My favourite kind of guys are the bisexual ones. They're the ones you go out with when you wanna pick someone up, because they can judge both chicks and dudes well. Plus, they're most likely the biggest hornballs, so unless the person's really ugly, you'll get encouragement like you wouldn't believe.
And if the person you're scoping doesn't have the same sexual tendancies as you, there's always someone else availble for them. Instant save!!

Provincetown, Cape Cod.
Many gays be here.
You walk down the street, and you see men made all pretty, wearing dresses and makeup and advertising the transvestite shows in the bars. Or they're walking down the street, arm in arm. Or else they're your waiters, your brothers, your mother's fathers...

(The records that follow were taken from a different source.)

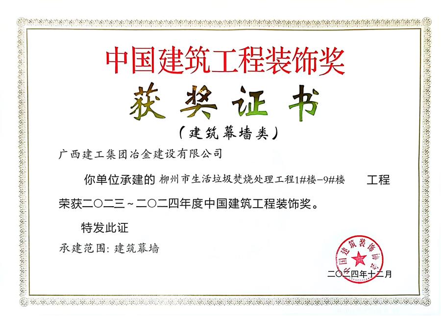 12月10日,中國(guó)建筑裝飾協(xié)會(huì)九屆四次理事會(huì)九屆六次常務(wù)理事會(huì)暨中國(guó)建筑裝飾協(xié)會(huì)成立40周年大會(huì)在北京召開(kāi),冶建公司承建的柳州市生活垃圾焚燒處理工程1#樓-9#樓獲2023—2024年度“中國(guó)建筑工程裝飾獎(jiǎng)”。至此,冶建公司已經(jīng)七奪“中國(guó)建筑工程裝飾獎(jiǎng)”。
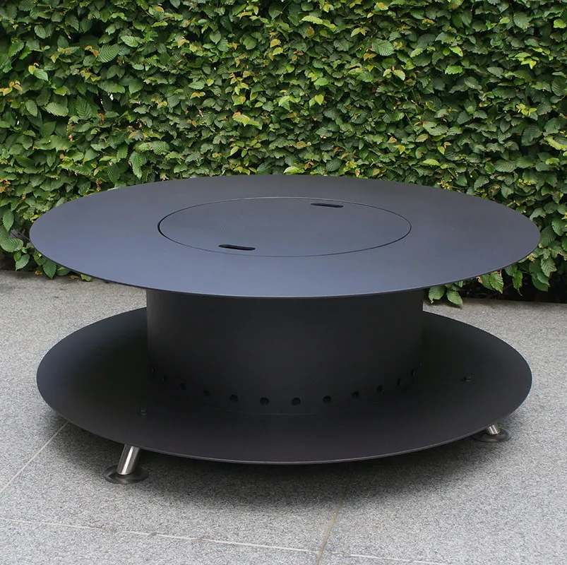Дизайнерский уличный очаг для костра из 5 мм стали с интегрированной декоративной дровницей. Очаг для костра имеет двойную стенку с теплоотводом и зольную корзину из нержавеющей стали. Очаг можно использвать в качестве садового столика. Крышка для очага в комплект не входит. Приобретается отдельно
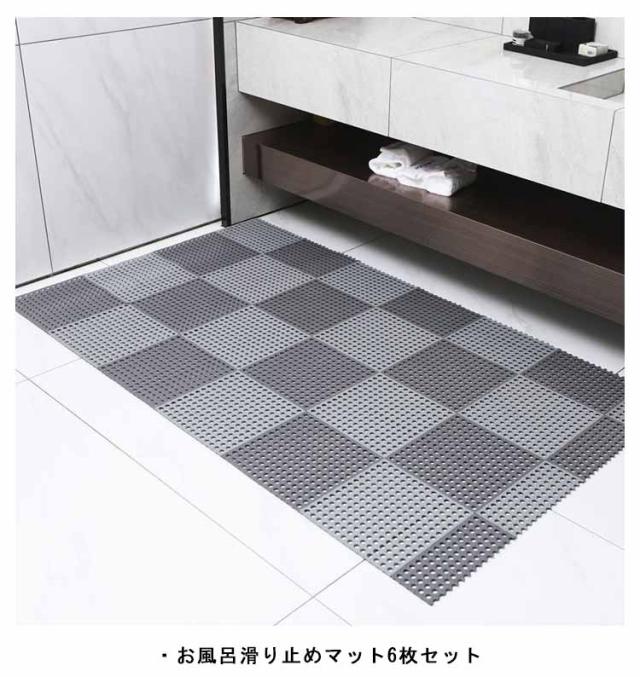 お風呂マット 浴室マット 6枚セット 滑り止めマット 洗い場マット 転倒防止 30cm×30cm 介護用品 滑り止め 赤ちゃん お年寄り 妊婦 排水 防カビ 床シート DIYマット レイアウト自由 洗面所 脱衣所 プール トイレ キッチン 厨房
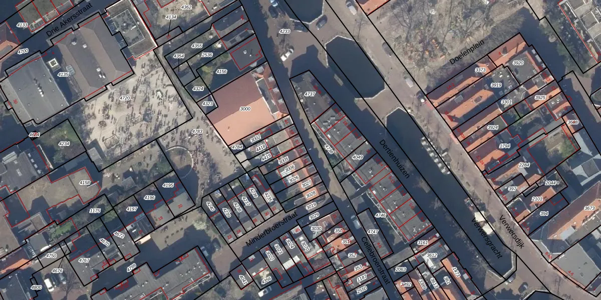 Gebruik de zoekbalk of klik op een perceel voor informatie over de adressen binnen dit perceel.

P-town brings that side out in people, I've noticed. (The picture of Calvin in a dress in the Super-Deformer was reciebed shortly after he went to Provincetown every day for a week with his friend Todd. Makes me wonder... don't you?)

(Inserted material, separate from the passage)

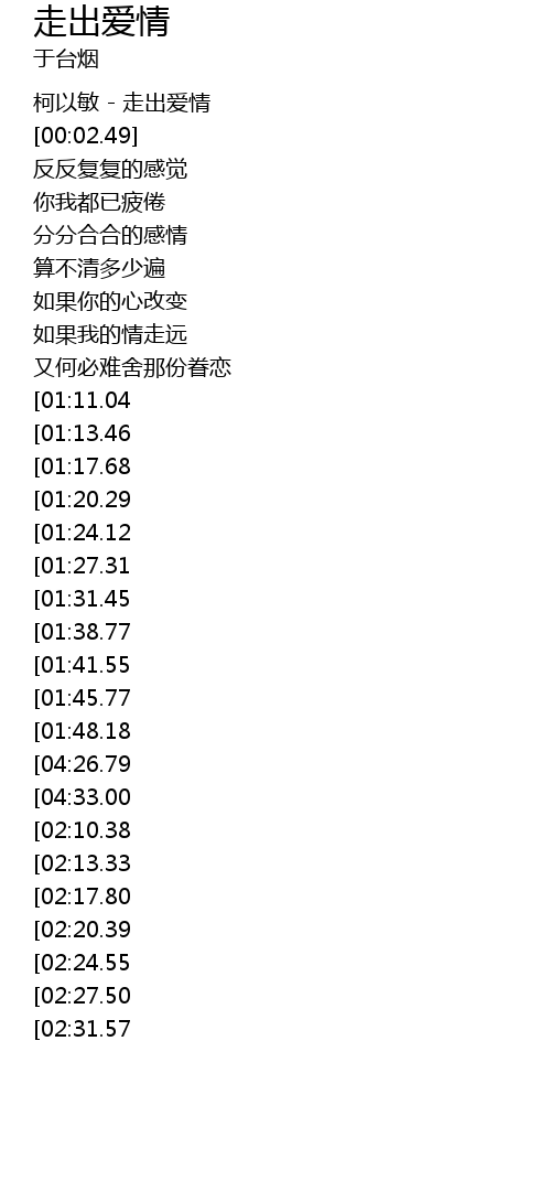 | [00:00.00] | 柯以敏 - 走出爱情 |

Or they could be in Gay-Mart USA. My sister and I took a picture of a busy Provincetown street, which looks very innocent and like a street in any other town. Until you get a look at the street signs...
Gay Mart, USA. Ha. Those gays... such a great sense of humour. They managed to turn a redneck's institution into a joke, and it was those rednecks that wanted to kill them in the first place. I'm glad I didn't bring my developed photos to Pennsylvania.
Maybe I should have, and put the Gay-Mart pics on the bullitin board at the twenty-four hour Walmart...

The Gay Man Speaks
The worst thing about Stratford is that we have 1.5 gay men, so all the girls are clamouring for their attention while the males are running away from them because they're afraid of being raped.
Once, my gayest friend said something witty:
"You know, the worst thing about being gay is not getting any. I mean, I wouldn't mind being straight, if it meant I could have sex, but I'm not sure I could get it up...."
I totally agree. I say that we, as a society, should engage in more gay sex.

The Gays vs. The Lesbians
Well, I decided to take a survey of my friends and see what they thought about gay men. Here are some of the responses:
Kylen:Gay men kick ass. Alan Cumming is gay. That's good, so we need more. (And about your site... why don't you add in who introduced you to Alan Cumming? Huh? Huh? Are you that ashamed of me???)
Shreya:I don't like gay guys. They're all hot, and I always want to screw 'em, but I can't 'cause they're gay.
Justin: I wish there were more of 'em. My dating life is one big zero.
Maria: Eew, that's disgusting. Do you know how they do it... Arggh... it's gross! It's not natural! (Mosquito pulls her aside and whispers: "Maria, you are a lesbian." Maria then proceeds to turn pink.) Well, c'mon! At least we don't stick it *there*.
Verdict: Lesbians have prettier orfices. But I still love gay men.